“A principios de este año terminé una relación que duró un par de meses. La decisión de ponerle fin al vínculo de manera amistosa se dio de manera tardía, porque en realidad supe más bien desde un principio, y lo asumo, que no teníamos tanta afinidad. Aun así, quise darle –y darme– una oportunidad, para conocerme a mí misma en otro tipo de situación a la que no estaba acostumbrada. ¿Y qué fue lo que desde un principio me hizo dudar? Pensándolo en retrospectiva y habiéndolo conversado con amigas llegué a esta conclusión; le faltaba chispeza.
A lo largo de mi vida he ocupado esa expresión varias veces, y sé perfecto que cuando la ocupo es para hablar de alguien que puede tener todos los atributos del mundo pero que le falta un ‘no sé qué'. Ese no sé qué, difícil de explicar en palabras y que depende de la situación en cuestión, es la chispeza; una mezcla entre picardía, humor y un poco –en su justa medida– de maldad.
Pero este relato no es para hablar de eso ni mucho menos para posicionarme a mí misma por sobre mis ex vínculos; ¿quién soy yo para definir quién tiene chispeza o no? Más bien lo que me gustaría es compartir algo que me pasa a mí y creo le puede pasar a varias. Una suerte de autocrítica y cuestionamiento hacia mi tendencia por preferir a las personas que me la van a hacer un poco más difícil. O, digámoslo, que me van a hacer sufrir, aunque no de manera excesiva.
Masoquista no soy, pero ¿por qué, cuando se trata de una persona genuinamente buena y cariñosa, automáticamente siento que le falta algo? ¿Por qué, si es alguien resuelto, terapeado y bueno de verdad, mi cuerpo y mente lo rechazan?
Creo que somos cada vez menos las que sentimos eso, porque también nos hemos dado cuenta, al fin, de que esa tendencia radica en una noción muy arraigada y a estas alturas obsoleta de lo que es el amor; una sensación sufrida, de que el que te quiere igual sabe cómo molestarte (no estoy hablando del famoso ‘el que te quiere te aporrea’, por suerte eso ya tengo clarísimo que no va), y esa cosa medio pasional, que da paso a la idea de que incluso para tener buen sexo hay que bordear la provocación. En buen chileno, una persona que tenga chispeza.

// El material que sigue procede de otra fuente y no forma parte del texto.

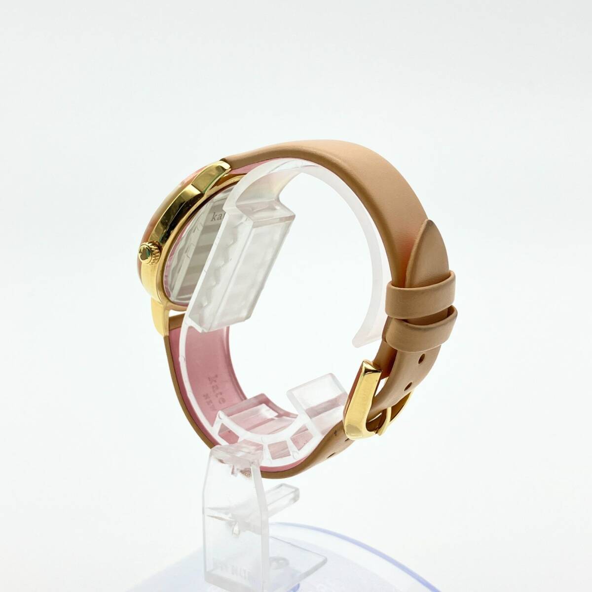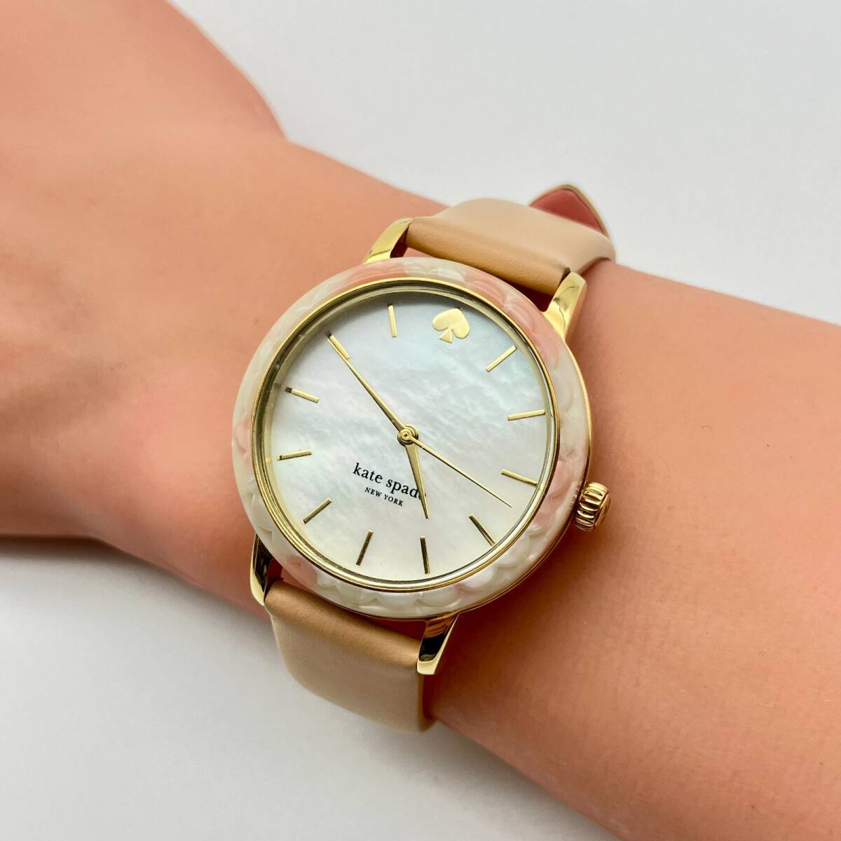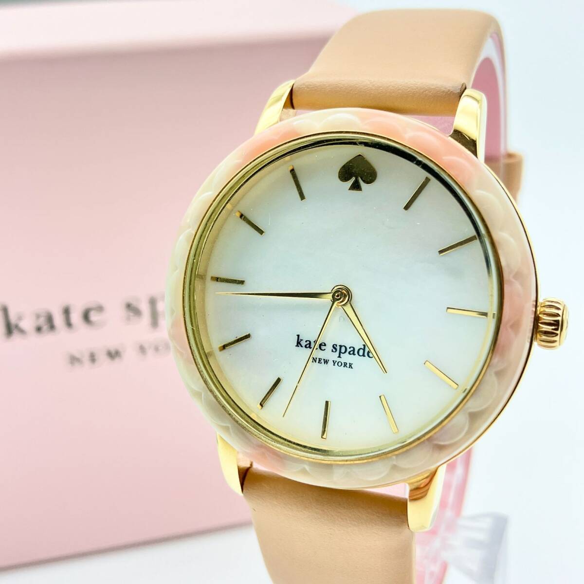 文字盤には光の加減で虹色に輝くホワイトシェル(マザーオブパール)を採用。12時位置にはブランドアイコンであるスペードマークがあしらわれ、シンプルながらも可愛らしいアクセントになっています。 ベルトは肌馴染みの良いピンクベージュのレザーを使用しており、手元を明るく上品に演出します。ケイトスペードらしい「スカラップ(波形)」デザインを取り入れた、女性らしさが詰まった一本です。

Y todo eso, si lo llevamos a los extremos, lo queremos erradicar, pero a mí me ha costado mucho. Porque pensándolo ahora, esa persona con la que salí era genuinamente amorosa y un aporte en la vida. Aun así, no fue suficiente. En mi cabeza ese algo que le faltaba era determinante y no podía sin eso. No sé si se tratará de un autoboicot, creo que más bien esas ideas están muy arraigadas y algunos estamos casi programados para pensar que el juego, la picardía, la pasión, la tensión e incluso la poca transparencia, son parte clave del amor y la sexualidad. Pero no tiene por qué ser así. Todas esas nociones pertenecen a un relato de amor sufrido, poco sano, poco claro y que da paso a relaciones intensas y pasionales, pero agotadoras y drenantes.
Y es eso lo que he trabajado este último tiempo, pero asumo que aun está ahí en revisión. Y probablemente parte de mí siempre tendrá que revisarlo, cada vez que me relacione con alguien y que se asome esa sensación. A mí no me gustó del todo esa persona porque en mi cabeza ‘le faltaba algo’. ¿Qué cosa le faltaba? Si tenía muchas más herramientas de las que he visto en otras parejas. Entonces me hago un llamado a mí misma a frenar, o revisar, mi tendencia hacia el pensar que a la persona sana, cariñosa y preocupada de verdad, le falta algo, incluso si lo relativizo y digo que lo que le falta es ‘chispeza’, como si se tratara de un lenguaje en común, o de una cualidad que todos debiesen tener. Me hago un llamado a revisar al menos, sin castigarme, por qué no me puede gustar la persona amable, que no tenga necesariamente ese grado de maldad”.
Valeria Balmaceda (33) es ingeniera.